My health and my (incoming) government
Nov. 10th, 2016 01:37 pmMy readers who don't have access have seen precious little of me lately (and I've been scarce locked as well). Two big reasons.
First, and most delightfully, I am in some sort of relationship; the details are still being worked out, but the important part is that we have each other now. So that's been taking a fair chunk of my social time.
Second, when they took out my uterus and its baggage, ( it wasn't good news, but it could have been worse. )
I lost my long-term job in February. (I've had some gigs, but nothing long-term or offering coverage.) When the host company switched contractor management providers in 2015, I lost the crappy insurance I'd had through the first contractor management joint. (It would have paid up to $10,000 of something -- which burns through pretty fast if something major happens. I was terrified that something major would happen, and avoided doing anything that would get me diagnosed with a pre-existing condition.) The new contract management joint didn't give health benefits to anyone in their first year. (People with good tech jobs whose workplaces use contract labor: apply pressure to make sure your contractors are taken care of, either individually or by their management companies.)

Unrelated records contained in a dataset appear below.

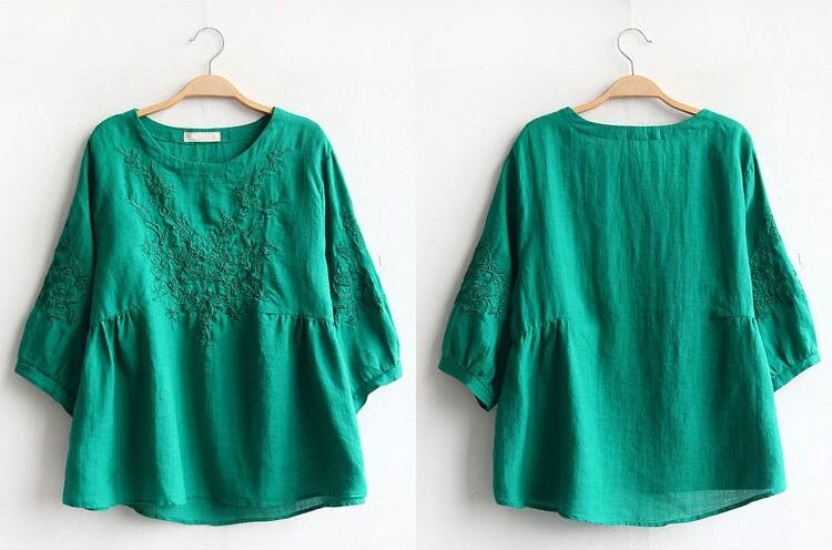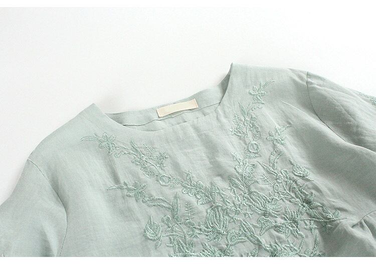 トップス ラウンドネック 七分袖 刺繍 ライトグリーン ホワイト レッド グリーン ワインレッド エスニック カジュアル シンプル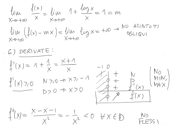 perchè per x–>+inf logx / x =0 (puoi farlo con de l’hopital) quindi f(x)/x= 1 + logx / x = 1+0 = 1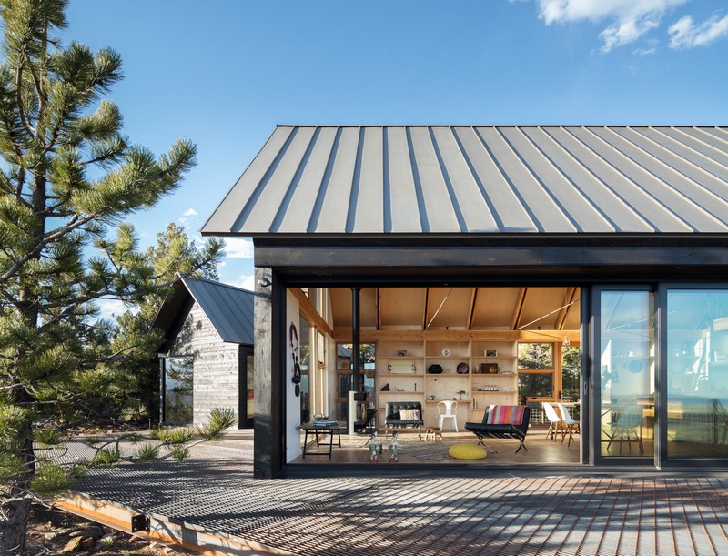 The “Big Cabin” accommodates the master bedroom, living and dining areas, kitchen, pantry, gym/sauna and a bathroom. An extra bedroom, with a bathroom for guests, is located just nearby, in the sister cottage, connected to the larger cabin through steel decking.

Since 2015, I've had health coverage through the Affordable Care Act. I was able to sign up after losing the crappy insurance. I picked a plan with good coverage and good reviews, as I was aware that I probably had lurking health issues, and it would finally be safe to treat them. A decade and a half of little to no health care and untreated depression will do a number on you. A decade and a half of consciously avoiding health care to avoid getting a "pre-existing condition" sentence on my record made me avoidant even when I did have coverage, so I wound up avoiding check-ups, avoiding things that would give me poison diagnoses in service of a future when it became a crisis and I would need to be covered. But in 2015, I finally got a diagnosis for my depression. (I should have been diagnosed in 1993. I should have been treated in 1993. I wasn't.) I got some other things diagnosed and treated.

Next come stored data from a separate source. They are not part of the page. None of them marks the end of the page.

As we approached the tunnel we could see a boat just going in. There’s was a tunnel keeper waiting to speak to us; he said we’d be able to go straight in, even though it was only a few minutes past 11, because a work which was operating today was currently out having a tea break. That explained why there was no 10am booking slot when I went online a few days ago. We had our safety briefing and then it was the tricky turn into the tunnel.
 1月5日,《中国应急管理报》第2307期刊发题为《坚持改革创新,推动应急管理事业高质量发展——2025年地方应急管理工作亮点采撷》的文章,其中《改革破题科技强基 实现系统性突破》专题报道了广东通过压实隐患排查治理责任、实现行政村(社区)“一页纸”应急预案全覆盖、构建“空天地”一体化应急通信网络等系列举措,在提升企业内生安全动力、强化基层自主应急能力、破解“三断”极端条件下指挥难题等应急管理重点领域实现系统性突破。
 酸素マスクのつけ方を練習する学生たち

Since my sweetie and I are polyamorous, we're being intentionally careful about our sexual health. On my end, we figured it would be a good idea for me to get some sort of long-acting contraceptive. (My opinions on body-birth for me were well-established; reversible was not a deep concern.) I'd heard that "vaginal bleeding" postcoitally was a sign of cancer, but figured that wasn't me; I had a PCOS diagnosis, and the blood was quite definitely coming from inside the uterus, even if it happened after sex.
PRO TIP: WHEN THE BLOOD IS COMING FROM INSIDE THE UTERUS, THIS COUNTS AS VAGINAL BLEEDING.

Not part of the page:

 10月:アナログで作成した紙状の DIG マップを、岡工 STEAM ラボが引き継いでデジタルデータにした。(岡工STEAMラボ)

So I'm a cancer survivor now.
I'm still paying quite a lot for my insurance. But.
Under the Affordable Care Act, I still get insurance.
Under the Affordable Care Act, if I switch insurers, my pre-existing conditions (cancer, depression, and other things) are still covered.
I don't have to worry about contraception anymore. My cancer ensured that I will never experience pregnancy or body-birth. But the Affordable Care Act would make sure that I could get access to contraception without worrying about the cost.
It's a fluke that I planned on becoming sexually active again this year. It was endometrial cancer gone rogue, so the surface cells of the cervix tested fine. I wasn't due another pap smear for years.
"How do you feel about having saved your partner's life?" a mutual friend asked my sweetie.
My sweetie looked uncomfortable: they didn't feel they'd done that much. Surely it would have been caught and treated, sooner or later.
Without them, it would have been later. Without them, it likely would have been post-ACA. I've seen friends struggle and beg to get live-saving operations that their insurance wouldn't cover. I thought we, as a country, were past that.
I still have conditions that can and will kill me if left untreated. The cancer may also spring up again. My best hope for a long and happy life is if I jump on a symptom immediately, even if I think it may not be a big deal. I'm scheduled for four pelvic exams a year for the next few, and it'll only drop off to yearly at the five year cancer free mark.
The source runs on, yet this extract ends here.